Excerpts from a dataset:
== Segment start ==

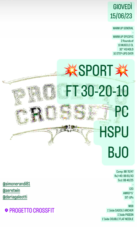 Pubblicato daprogettocrossfit15 giugno 202328 giugno 2023Pubblicato in: Wod Condividi: Fai clic per condividere su X (Si apre in una nuova finestra) X Fai clic per condividere su Facebook (Si apre in una nuova finestra) Facebook Mi piace Caricamento... Correlati
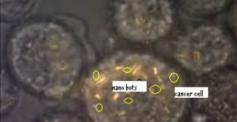 Cancer cell have a higher temperature than the body temperature. The nano bots carrying the cancer treatment drug will be temperature sensing bots, which when coming into contact with the cancer cell will open up and pour the drug directly into the cancer affected cells.
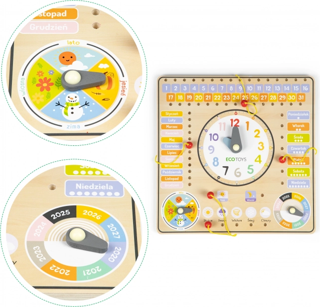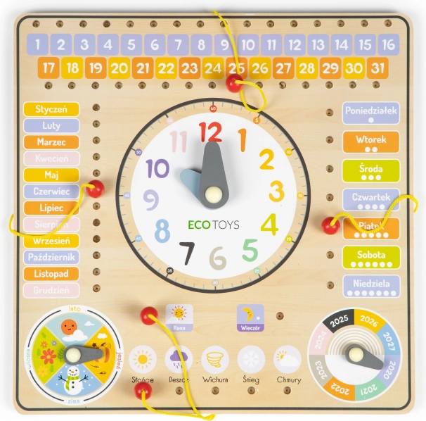 Tahvlil on poolakeelsed nimetused, kuid selle lihtsa arusaadavuse ja vastupidava puidust konstruktsiooni tõttu sobib see suurepäraselt ka eesti lastele. Pööratava näidiku abil aitab see paremini mõista aastaaegade vaheldumist. Tahvlil on võimalik märkida ka aasta vahemikus 2020–2027.
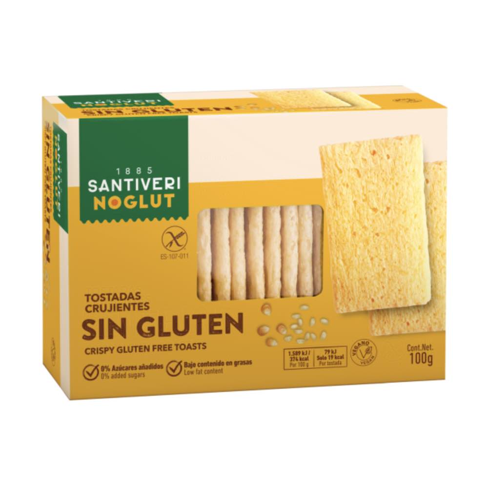 Tosta Gluten Free Tostas elaboradas con ingredientes tan simples como la harina de arroz y el maíz. Sin gluten, ligero, crujiente y fácil de digerir. Se pueden utilizar para preparar canapés o para acompañar comidas en sustitución de pan. PRESENTACIÓN 100 g.
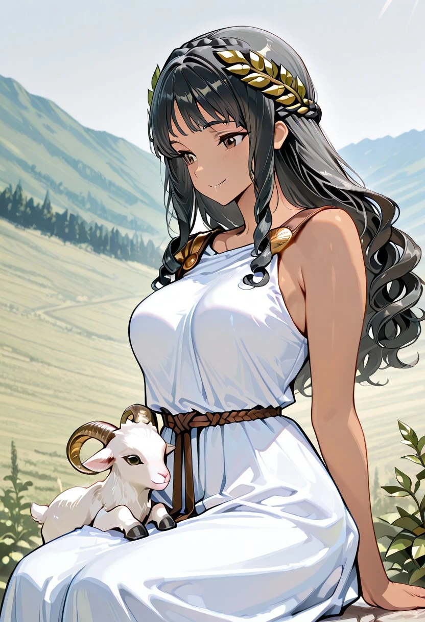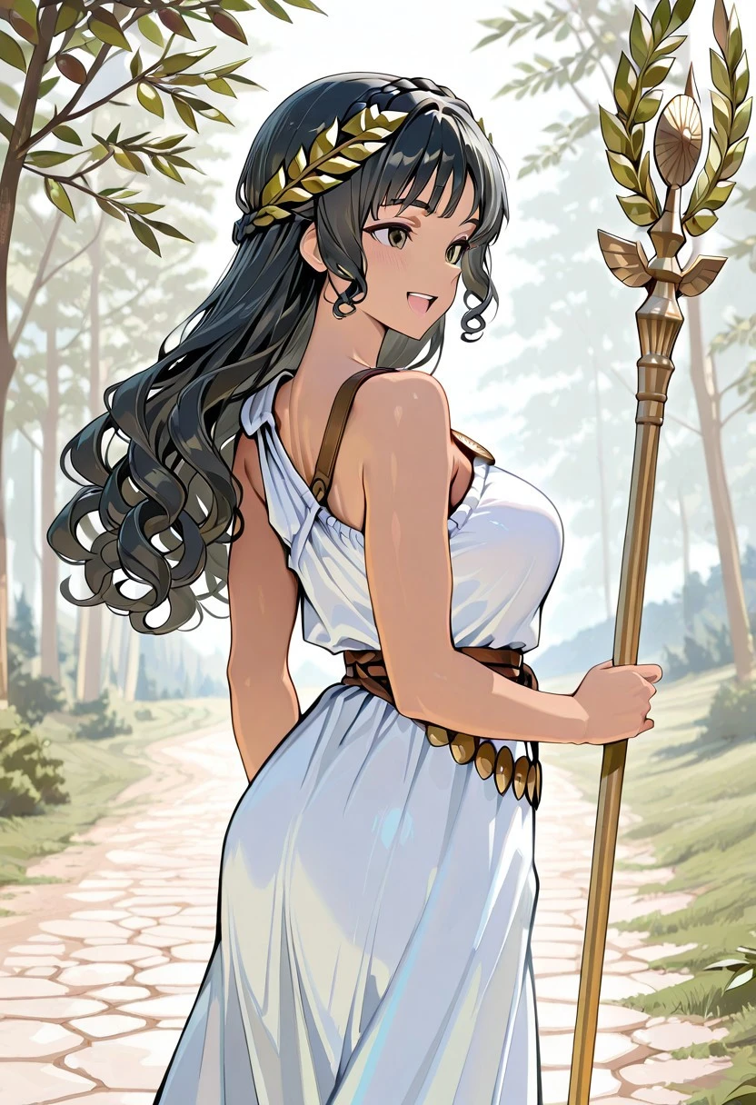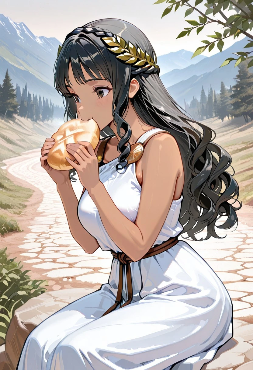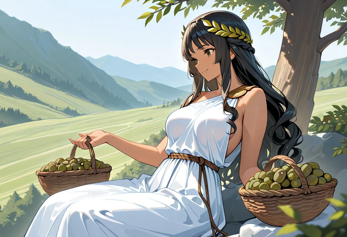 Tags Ex: white toga, long dress:1.3), covered breasts, 1 shoulder strap, bronze shoulder pins, brown string belt, green leafy laurel,
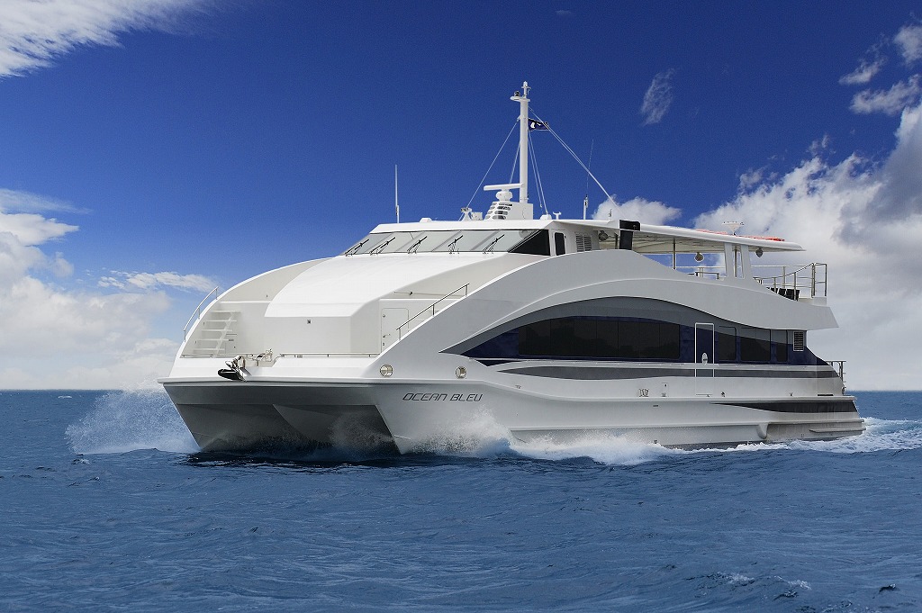 船は〈オセアンブルー〉。広い船室にはテーブルとイスが設置され、ゆったりとリラックスしたクルージングを楽しむことができる

== Segment end ==

- **Task statement**
Set down a word-for-word copy of the records, dropping any picture.

- **Result below**
 Pubblicato daprogettocrossfit15 giugno 202328 giugno 2023Pubblicato in: Wod Condividi: Fai clic per condividere su X (Si apre in una nuova finestra) X Fai clic per condividere su Facebook (Si apre in una nuova finestra) Facebook Mi piace Caricamento... Correlati
 Cancer cell have a higher temperature than the body temperature. The nano bots carrying the cancer treatment drug will be temperature sensing bots, which when coming into contact with the cancer cell will open up and pour the drug directly into the cancer affected cells.
 Tahvlil on poolakeelsed nimetused, kuid selle lihtsa arusaadavuse ja vastupidava puidust konstruktsiooni tõttu sobib see suurepäraselt ka eesti lastele. Pööratava näidiku abil aitab see paremini mõista aastaaegade vaheldumist. Tahvlil on võimalik märkida ka aasta vahemikus 2020–2027.
 Tosta Gluten Free Tostas elaboradas con ingredientes tan simples como la harina de arroz y el maíz. Sin gluten, ligero, crujiente y fácil de digerir. Se pueden utilizar para preparar canapés o para acompañar comidas en sustitución de pan. PRESENTACIÓN 100 g.
 Tags Ex: white toga, long dress:1.3), covered breasts, 1 shoulder strap, bronze shoulder pins, brown string belt, green leafy laurel,
 船は〈オセアンブルー〉。広い船室にはテーブルとイスが設置され、ゆったりとリラックスしたクルージングを楽しむことができる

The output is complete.